A few simple newb questions

Hi everyone! I’m fairly new to Numerai, and am working on getting my first model up and running. I’d like to try the NN approach, for my own learning, though I know XGB and other methods are more popular. I’m confused about a couple of things in the dataset:

  1. The “ID”. Is that unique to each asset & consistent throughout eras? Or in the obfuscation does each asset get a unique ID every new era? Just curious if those could be used to construct a history of a particular asset and train a time-based RNN or something

  2. The “target” values we are training to are binned to one of 5 values (or 7 values for some targets), i.e. 0, .25, .5, .75, 1. How should I construct the output of my neural network when predicting targets for submission? Should they be:
    a. Also binned to match the training set bins? So construct a multi-class classifier that only outputs 0, .25, etc.
    b. Or a continuous prediction between 0 and 1. Most of the examples I’ve seen use a Sigmoid activation as the final layer to achieve this.

  3. I’ve noticed my starter models VERY quickly overfit compared to validation. I’m not subsampling the eras as of yet, so is this likely the main cause of the overfitting? Any good strategies for tackling this? Is shuffling the data in my DataLoader a good first step? Or do I need to subsample? Do you use all 4 eras every epoch? Or cycle eras through epochs? Or throw out 3/4 of the data altogether?

Thanks for any tips you’re willing to offer!

  1. If/when the same stock appears in several eras, the id’s will differ as randomly as all the other id’s.

  2. Your predictions can be any real number x, 0 < x < 1. Because your predictions are scored ONLY by their ordering: you don’t want your predictions in 5 or 7 bins, since you can’t control how the 5 or 7 massive multiway ties will be broken (Numerai will break them for you, according to their order in the text file).
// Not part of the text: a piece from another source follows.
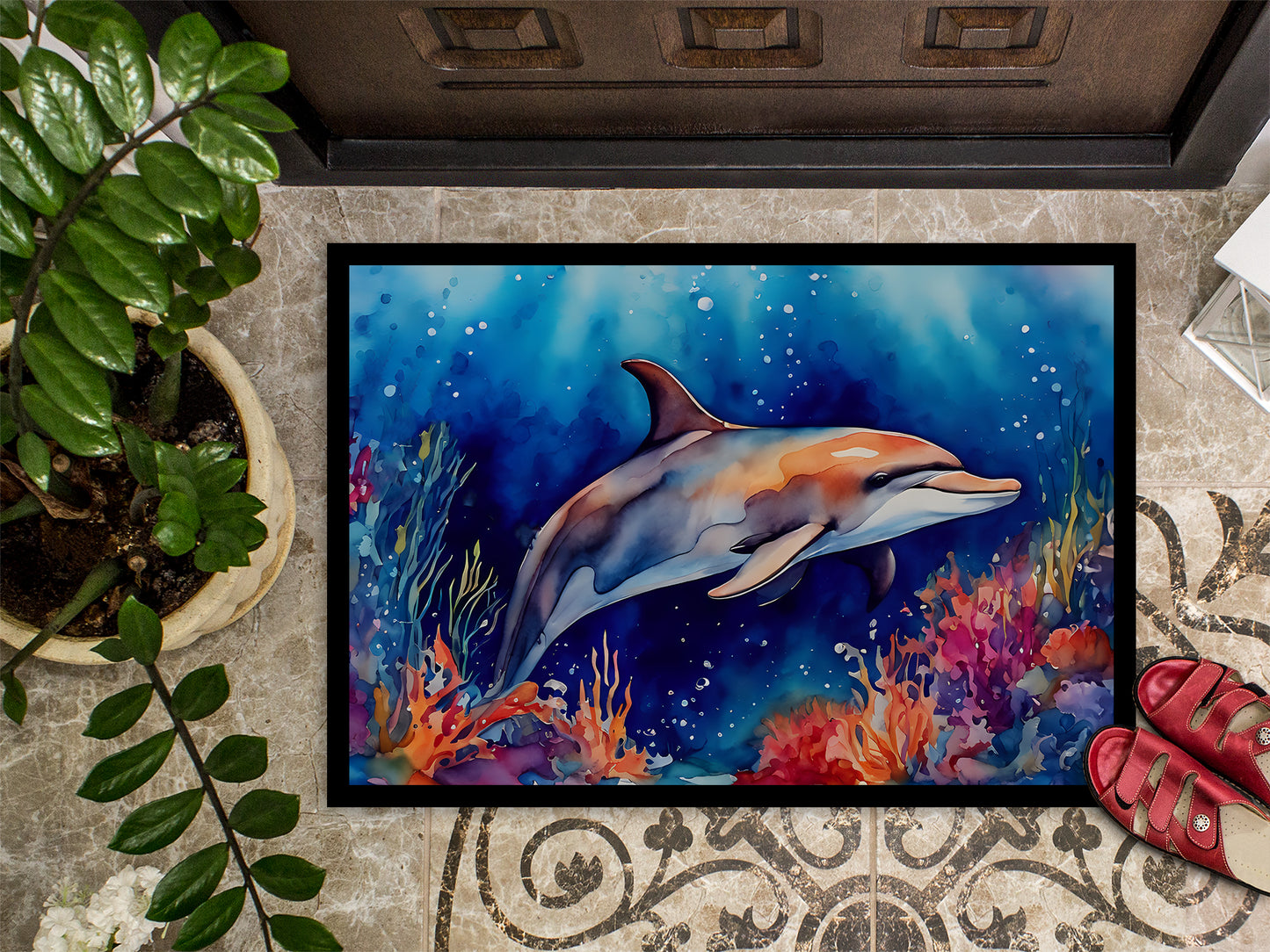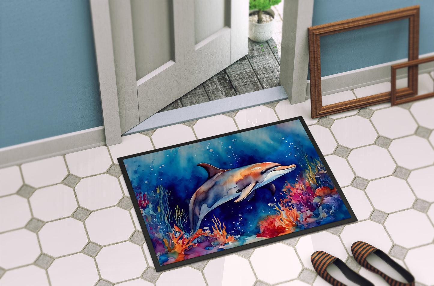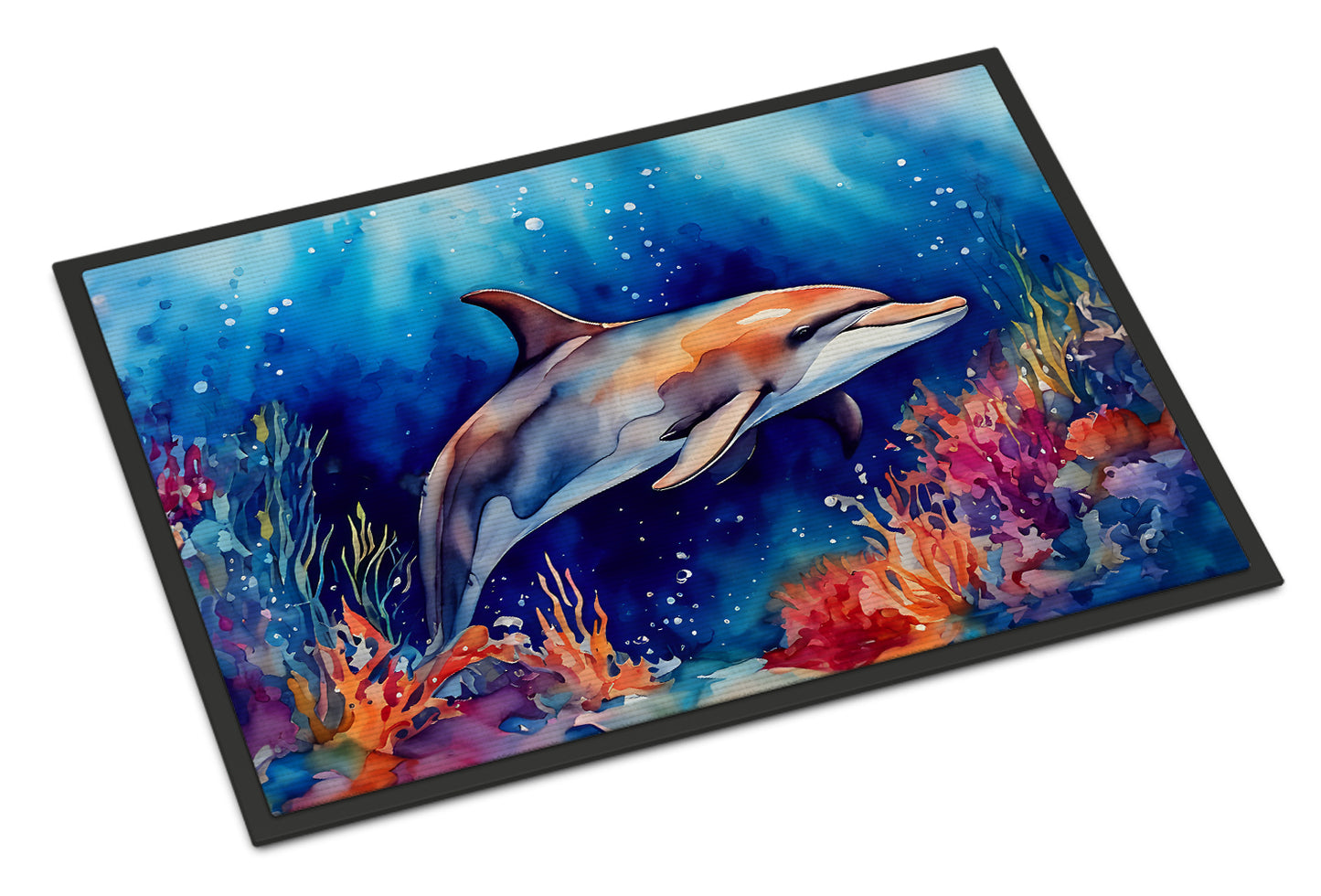 Doormat featuring breed specific Dolphin artwork. Welcome your guests in style with our Artwork Door Mat, designed to withstand almost any weather condition. This mat, measuring approximately 24 by 36 inches, is held together by durable black binding tape. Its top layer, composed of polyester felt, is dyed with the eye-catching image you see on the mat. A few layers below provide the mat with stability, while its rubber bottom is stamped to help prevent slipping and ensures safety. Our mat works wonderfully as both an indoor or outdoor door mat. For cleaning, simply hose it off with water or use a power washer - no need for any cleaner that produces suds. Avoid scrubbing with a brush, instead, opt for the vacuum on floor setting. Designed manufactured and printed in the USA, this mat is a perfect addition to your porch, outdoor kitchen, entryway, or any indoor space. Its unique design makes it a charming decorative rug that greets your guests and adds a stylish touch to your home decor.

  3. [opinion] that overfitting is a consequence of all the given target data being years out of date. That may be about to change, on 12/25/21.

Got it, thank you! That sounds a bit different than what I was picturing, super helpful. So it sounds like our “target” numbers are more like a rank ordering prediction of stocks from best to worst, rather than a more direct prediction of performance?

Looking forward to the newest data, I hope that helps. Didn’t we get a bunch of new data this summer as well? Or was that mostly old data, just with extra features and rows interspersed?

According to the latest post on “# announcements” (in the chat room), the newest data was just put off until March. It is to include a few new features, and “all of the test targets”.

There was new (“super massive”) data released in late summer. It changed the number of features from 310 to 1050, and also added rows (mostly, I think, by making four era-specific rows, out of each “train” or “validation” row). But the 1050 features seem to be quite redundant: [I tried to put a hyperlink here, to the “tips and tricks” github page. see the graph that follows “Out[7]” ].